Pixel 4 and 4 XL smartphones launched at Google event

Pixel 4 sees you coming

by Andy Bassett

With virtually everything already known about the Pixel 4 after a relentless series of leaks and blog posts, all that was left for the Made By Google event was to make the announcement official and tie it all up with a bow.

Google did their best to avoid a series of ‘our phone’s faster than your phone’ proclamations or engage in any spec wars instead, settling on a few notable functions they feel will make a user’s experience more rewarding. As always, a lot of this revolved around the new camera features, which is something that the company has always prided itself on.

Sporting a new look, finish and colour, the Pixel 4 handsets are the first to feature two rear cameras. They are also the world’s first smartphone to use motion detection based on radar technology - the culmination of a 5 year project called ‘Soli’ which sought to harness radar’s speed, precision and power-efficient motion-detecting properties. All of radar’s advantages have been introduced into the Pixel 4 via a technology called Motion Sense.

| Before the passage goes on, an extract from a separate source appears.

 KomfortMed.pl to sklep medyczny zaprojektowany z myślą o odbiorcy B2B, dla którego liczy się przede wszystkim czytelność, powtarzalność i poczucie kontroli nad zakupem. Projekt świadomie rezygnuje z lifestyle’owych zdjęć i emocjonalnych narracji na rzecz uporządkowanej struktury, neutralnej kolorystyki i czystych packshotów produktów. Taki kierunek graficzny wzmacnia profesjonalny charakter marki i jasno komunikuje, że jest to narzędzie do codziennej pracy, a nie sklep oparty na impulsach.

This enables the handset to detect movement prior to any actual interaction, so Motion Sense will detect movement towards the phone and prepare Face Unlock, even before the handset has been lifted towards the face. With this state of preparation, the actual unlocking process that follows is extremely quick. Once a phone is placed back down, Motion Sense will detect movement away from the handset and put the phone in sleep mode, thus saving power. It also allows simple gestures to control media playback or swipe through various screens.

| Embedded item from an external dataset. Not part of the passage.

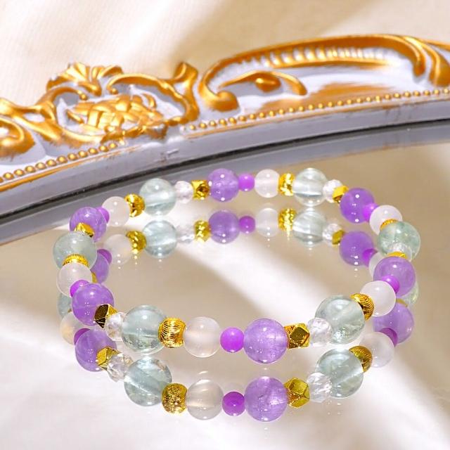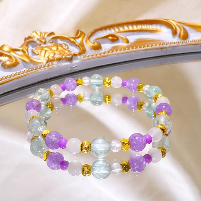 Miss記憶中的馬卡龍/薰衣草紫水晶 綠螢石 紫雲母 白月光 白水晶/天然水晶手鍊/無憂的時光

Motion sense can be turned on or off at any time and the Face Unlock data remains locally on the handset and never interacts with any other Google services. Additionally, the latest version of the Titan M security module keeps data secure on the phone.

Google will be keenly aware of the advances that their smartphone rivals Huawei and Apple have made in their own camera departments, so the company will be keen to reassert what is largely recognised as one of the Pixel’s strengths. To that end, as well as an 8MP front facing selfie snapper, both handsets now benefit from a pair of rear cameras - a 12.2 MP wide angle lens with a 77° field of view and a 16MP main camera with a 2x telephoto zoom.

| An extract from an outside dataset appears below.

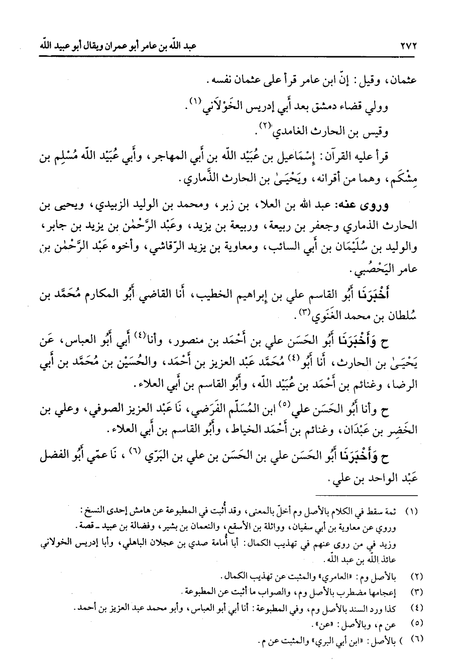 عثمان وقيل إن ابن عامر قرأ على عثمان نفسه وولي قضاء دمشق بعد أبي إدريس الخولاني (1) وقيس بن الحارث الغامدي (2) قرأ عليه القرآن إسماعيل بن عبيد الله بن أبي المهاجر وأبي عبيد الله مسلم بن مشكم وهما أقرانه ويحيى بن الحارث الذماري وروى عنه عبد الله بن العلا بن زبر ومحمد بن الوليد الزبيدي ويحيى بن الحارث الذماري وجعفر بن ربيعة وربيعة بن يزيد وعبد الرحمن بن يزيد بن جابر والوليد بن سليمان بن أبي السائب ومعاوية بن يزيد الرقاشي وأخوه عبد الرحمن بن عامر اليحصبي أخبرنا أبو القاسم علي بن إبراهيم الخطيب أنا القاضي أبو المكارم محمد بن سلطان بن محمد الفنوي (3) ح وأخبرنا أبو الحسن علي بن أحمد بن منصور وأنا أبي أبو العباس عن يحيى بن الحارث أنا أبو (4) محمد عبد العزيز بن أحمد والحسين بن محمد بن أبي الرضا وغنائم بن أحمد بن عبيد الله وأبو القاسم بن أبي العلاء ح وأنا أبو الحسن علي (5) ابن المسلم الفرضي نا عبد العزيز الصوفي وعلي بن الخضر بن عبدان وغنائم بن أحمد الخياط وأبو القاسم بن أبي العلاء ح وأخبرنا أبو الحسن علي بن الحسن بن علي بن البري (6) نا عمي أبو الفضل عبد الواحد بن علي

But it’s not just the camera hardware which distinguishes Pixel photography, the software plays a huge part in getting the high quality results and this so-called computational photography has been improved in several key areas.

Firstly, the Pixel’s well established HDR+ method of stacking and averaging several shots of the same image to reduce noise and allow brightening to bring out shadow details can now be seen on the screen before the picture is taken using Live HDR+, which uses machine learning to approximate HDR+ in the viewfinder during the composition phase.

On top of that, Dual Exposure Controls allow real time adjustment of the capture exposure and tone mapping via the Brightness and Shadows sliders. This allows different exposure settings to be applied for different parts of the image and previewed before the image is captured. Previously, an image had to be taken and checked to see if the settings delivered the required effect.

There’s also machine based learning for white balance settings to remove some of the tonal discolourations found in tricky lighting conditions.

Portrait mode now also benefits from a combination of the dual cameras and machine learning to improve depth of field effects with large objects, or portraits where the subject is some distance away, and hair and fur are dealt with more accurately too.

Finally, with the improved Night Sight mode, Google is hoping that you won’t actually need to use the included flash module - ‘but it’s there just in case’. Pixel introduces a new Astrophotography mode which takes an exposure up to 16 seconds in length and up to 15 times. Altogether, this equates to a lengthy 4 minute exposure which would actually result in blurred stars as they moved across the night sky. The Pixel 4 avoids this by using the software to merge the images accurately, but will still need a tripod to achieve best results.


Away from photography, Google has also included a new version of its Sound Recorder application which allows real time transcription of dialogue - useful for recording lectures or presentations. It also allows keyword searches across all recorded sound files with instances being identified and located within the files.

Just for the hardware record, the Pixel 4 phones both sport an Always-on OLED screen with a 90Hz refresh rate, rated A+ by DisplayMate and described as “visually indistinguishable from perfect” as far as colour accuracy and image contrast are concerned. The Pixel 4 display is 5.7-inches and has a FHD+ resolution, while the larger 4 XL is 6.3-inch display and features QHD+ resolution.

The 4 XL also has a larger 3700mAh battery compared to the smaller handset’s 2800mAh battery and they both feature 18W fast charging and Qi-certified wireless charging, which all seems pretty standard for 2019 handsets.

Elsewhere, just about everything else is shared between the two models including the Snapdragon 855 CPU, 6GB of RAM and 64 / 128GB of storage.

Of course, coming from the home of Android, they’ll ship with Android 10 and undergo a minimum of three years O/S and security updates.

Looks like we’ll be waiting for the Pixel 5 for a 5G model though, as there was no mention of support for the new network standard.


Coming in three colours, Just Black, Clearly White and Oh So Orange, the handsets are available for preorder now and will ship on Oct 24th with the Pixel 4 costing £669 and the 4 XL costing £829, both undercutting their respective Pixel 3 antecedents.